Une anecdote sur la guerre froide me vient, et elle est totalement symptomatique de la paranoïa qui régnait alors. L’URSS avait, au début des années 80, tissée un réseau complexe de satellites de surveillance. Les yeux électroniques devaient identifier sur le sol Américain les tirs de missiles, et donc s’offrir le temps de réaction nécessaire pour fomenter une riposte équivalente. Maintenant, imaginez la scène : bunker sécurisé à grande profondeur, des soldats chargés de surveiller attentivement les écrans de contrôle. Tout à coup, alerte ! Le satellite, asservi par un logiciel, annonce un tir de missile depuis les USA. L’opérateur, inquiet, informe immédiatement ses supérieurs qui s’apprêtent à réagir sur le champ. Mais l’opérateur, allez savoir pourquoi, se méfie, et relance la vérification : le système lui remonte alors une fausse alerte. Quelques instants plus tard : rebelote ! Une fois, ça passe, deux fois, il y a une véritable alerte quand même ! Aussi bizarre que cela puisse paraître, notre opérateur, probablement par peur panique de lancer l’holocauste par erreur, vérifie à nouveau : rien ; pas de missiles. Pas de détection. Il s’est avéré que la lumière du soleil s’est reflétée sur un nuage de haute altitude, reflet passant alors pour le panache de flammes d’un tir de missile balistique ! Si l’on y songe donc, le monde a frôlé le chaos à cause : d’un satellite à la vue plus que douteuse, une nation convaincue qu’il fallait surveiller ceux en face, et qu’on ne doit notre paix qu’à un type un peu moins obéissant que la moyenne. Pour information : ce qu’il a fait fut classé comme refus d’obéissance, ce pour qui il fut radié de l’armée ! Grandiose, non ?

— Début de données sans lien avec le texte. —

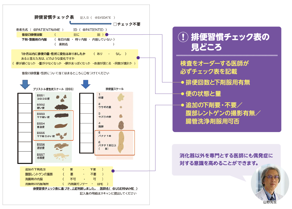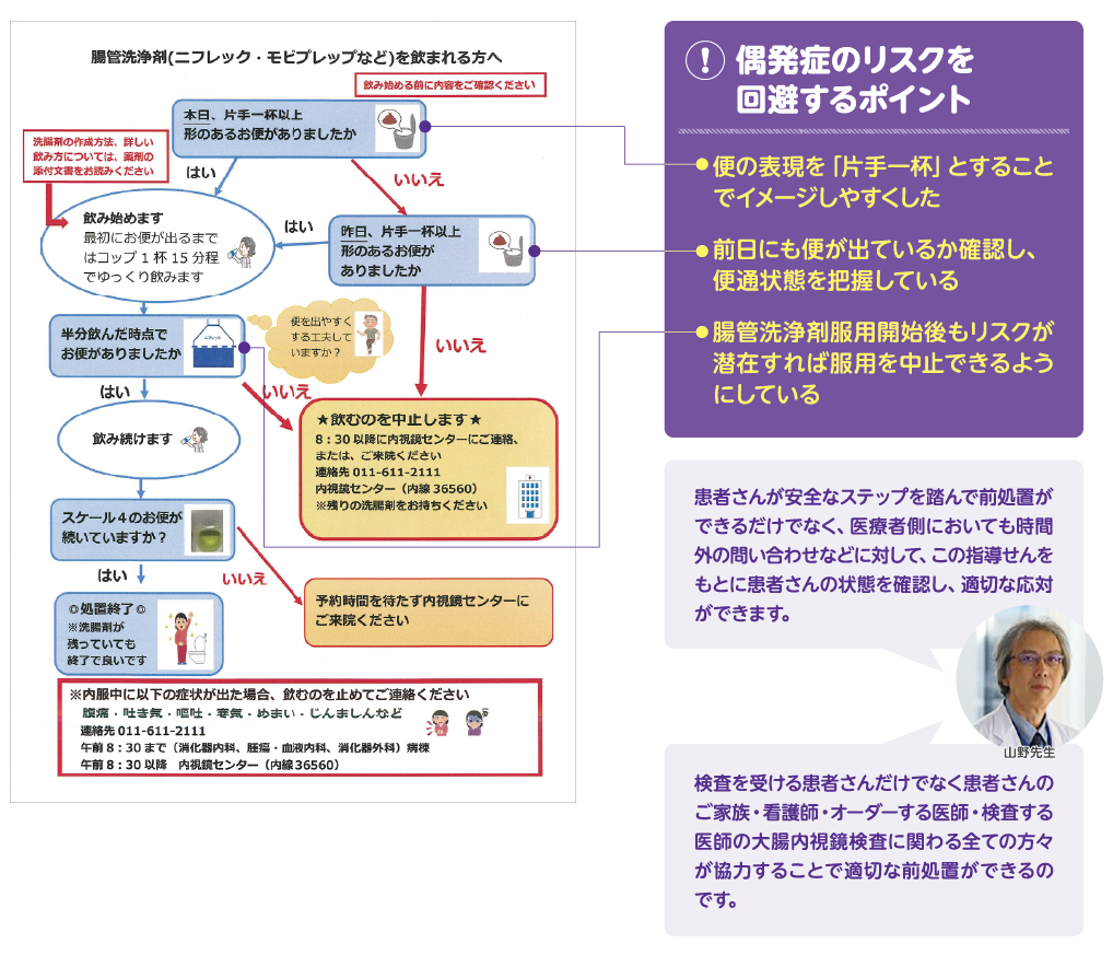 その数年前から前処置のフローチャートづくりに取り組んでいましたが、完成には至っていませんでした。偶発症を経験したことで、在宅前処置の患者さんが「適切に腸管洗浄剤を内服できる!」「リスク回避行動がとれる!」という視点に絞り、状況に沿った行動を指示するフローチャートを作成しました。また、検査前の偶発症リスク評価も重要と考え、排便習慣チェック表を医師とともに作成し、検査オーダー時に医師が確認するようにしました。

Et enfin, il y a nous, les âmes ordinaires, ceux qui « pensent », enfin ceux qui tentent de le faire. Au quotidien, nous réfléchissons, planifions pour finalement craquer sur un coup de cœur ou un coup de sang. « Tiens, si j’achète ça ou ça, cela sera plus rentable… Ah y a le truc trois fois plus cher mais plus à la mode ! Je le prends ! ». Moqueur ? Dites vous bien que nous sommes tous susceptibles de faire taire notre petite voix intérieure qui, lasse de se voir bâillonnée par nos réactions excessive, doit disparaître dans un soupir en déclarant « Mais bordel, que tu es con ! ».